Our “as-filed” data are based on the Financial Statement and Notes Data Sets compiled by the SEC, which contain financial statement information directly extracted from periodic corporate XBRL filings. For some firms, data are available from 2009; however, we focus on the period of 2012–2019, during which all public firms were required to submit periodic filings in XBRL format.
A major step of our data preparation process involves constructing an as-filed data set comparable to the annual fundamental file compiled by Compustat. We focus on 73 Compustat data items that are either (i) frequently used in accounting and finance research or (ii) key elements on one of the three financial statements. Our list covers most data items frequently used in prior research. In "List of Data Items," we tabulate the data items included in our study with more than 100 Google Scholar citations. These 73 data items include but are not limited to those used in later analyses of specific research settings. In the Compustat-like data we post on this website, we also include four additional data items to facilitate the check of certain accounting identities.

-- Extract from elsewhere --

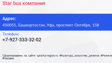 Star-bus, компания по адресу 450055, Башкортостан, Уфа, проспект Октября, 158 в дальнейшем Организация, размещена в следующих категориях:
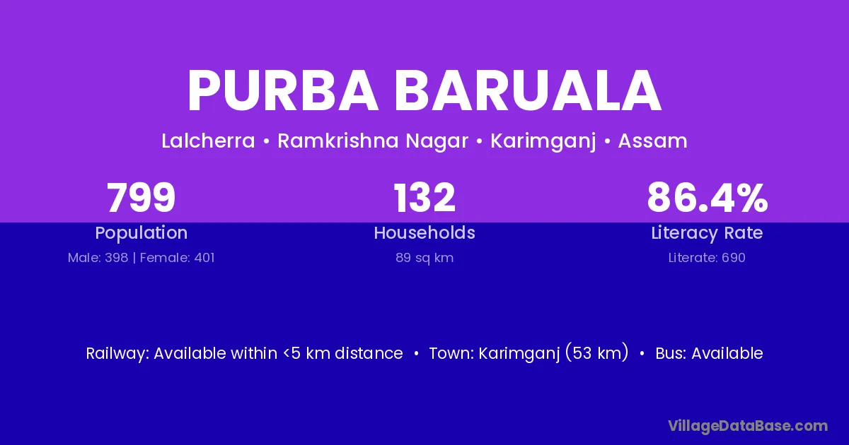 Karimganj (53 km) is the nearest town to Purba Baruala village for major economic activities and is located approximately 53 km away.

For each data item, we identify the highest-level tags in the taxonomy that correspond to the Compustat data items based on Compustat’s balancing model for financial statement items (S&P Global, 2018). The mapping is unambiguous and is not subject to the researcher’s discretion. Nevertheless, we validate this mapping by verifying that the selected tag (or the combination of several tags) dominates all other tags when following the procedure detailed in "Matching As-filed Data with Compustat."
Occasionally, however, the filing does not report a value for a high-level tag. In such cases, we use the hierarchical relations specified by the calculation linkbase to impute the high-level tag value from the values of the appropriate child tags. We then validate imputed tag values using several basic accounting identities. Appendix C.1 contains further details on these steps. We emphasize that these steps do not involve subjective judgments on our part because the linkbase encodes relationships among all standard tags as determined by the taxonomy.
When the standard taxonomy does not accommodate unique circumstances in a filer’s disclosure, filers are permitted to extend the taxonomy by using custom tags in addition to the standard tags prescribed by the taxonomy. We use an algorithm detailed in "Treatment of Custom Tags" to search for the nearest equivalent standard tag for every custom tag. In essence, the algorithm seeks the best match (through fuzzy matching of tag labels) for each custom tag among the standard tags that are descendants of the same parent as the custom tag.
The as-filed disclosure quality data is compiled following the procedure detailed here.
Reference: "Lost in Standardization: Effects of Financial Statement Database Discrepancies on Inference" (Du, Huddart, and Jiang (DHJ), 2023, JAE) (SSRN).